Recently, the Government of India has made certain changes in the guidelines for ADRIGDR issues by the Indian companies in terms of which Indian companies issuing ADRs/GDRs need not approach Ministry of Finance, Government of India for prior approval, subject to the Reserve Bank of India's (RBI) approval under FERA, 1973. These changes seek to further liberalise the operational procedures by dispensing with the track record scrutiny process and the two‑stage approval by the Ministry of Finance, Department of Economic Affairs for ADR/GDR issues.
Issuing companies may now enter into agreements in respect of or ancillary to the offer including but not limited to the Subscription Agreements and Deposit Agreement and to provide the necessary warranties and indemnities in accordance with international practices.

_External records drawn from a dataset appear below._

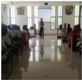
St. Paul's Liny.jpg
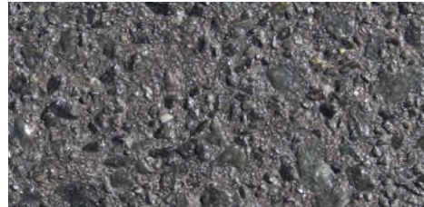
Nu York Exposed (sealed)

EXPOSED For driveways, pathways, landscaping and other outdoor applications, Geostone exposed is the perfect solution, combining stunning good looks and a highly durable and skid resistant surface.
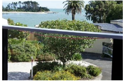
Glass balcony—note Xmas lights

Everything feels expensive here with the pound being low to the NZ $ but GST (sales tax) has increased and inflation seems noticeable—are we glad to be here with all the flowers growing rather than frozen BBrittain? - YOU BETCHA.

Depositories may remit the dividends by purchasing foreign currency at the prevailing market rates through an authorised dealer in foreign exchange.
[Press Release : 1999‑2000/952, dated 20‑1‑2000 issued by the Press Relations Division, RBI]
(XVII) Permission to issue Global
Depository Receipts/American Depository Receipts
Notification No. G.S.R. 109(E), dated 20th January, 2000
In pursuance of clause (a) and clause (d) of sub‑section (1) of section 19 and clause (b) of subsection (1) of section 29 of the Foreign Exchange Regulation Act, 1973 (46 of 1973), and all other powers enabling it in this regard, the Reserve Bank is pleased to permit:
(a) a company incorporated in India which fulfils the eligibility criteria laid down in para 2,
(i) to make an international offering of rupee denominated equity shares of the company by way of issue of Global Depository Receipts (GDRs)/American Depository Receipts (ADRs) to persons resident outside India;
(ii) to export the said securities to investors outside India and
(b) the investors to acquire the securities so purchased.
2.
(i) the issuing company has necessary approval from the Ministry of Finance, Government of India to issue such ADRs/GDRs or is eligible to issue ADRs/GDRs in terms of the relevant scheme or notification issued by the Ministry of Finance, and
(ii) the issuing company is eligible to issue shares to foreign investors under the Automatic Route of Reserve Bank of India or has necessary approval from Secretariat for Industrial Assistance (SIA)/Foreign Investment Promotion Board (FIPB) and the percentage of foreign equity does not exceed the limits specified under the Automatic Route or the limits specified by the SIA/FIPB.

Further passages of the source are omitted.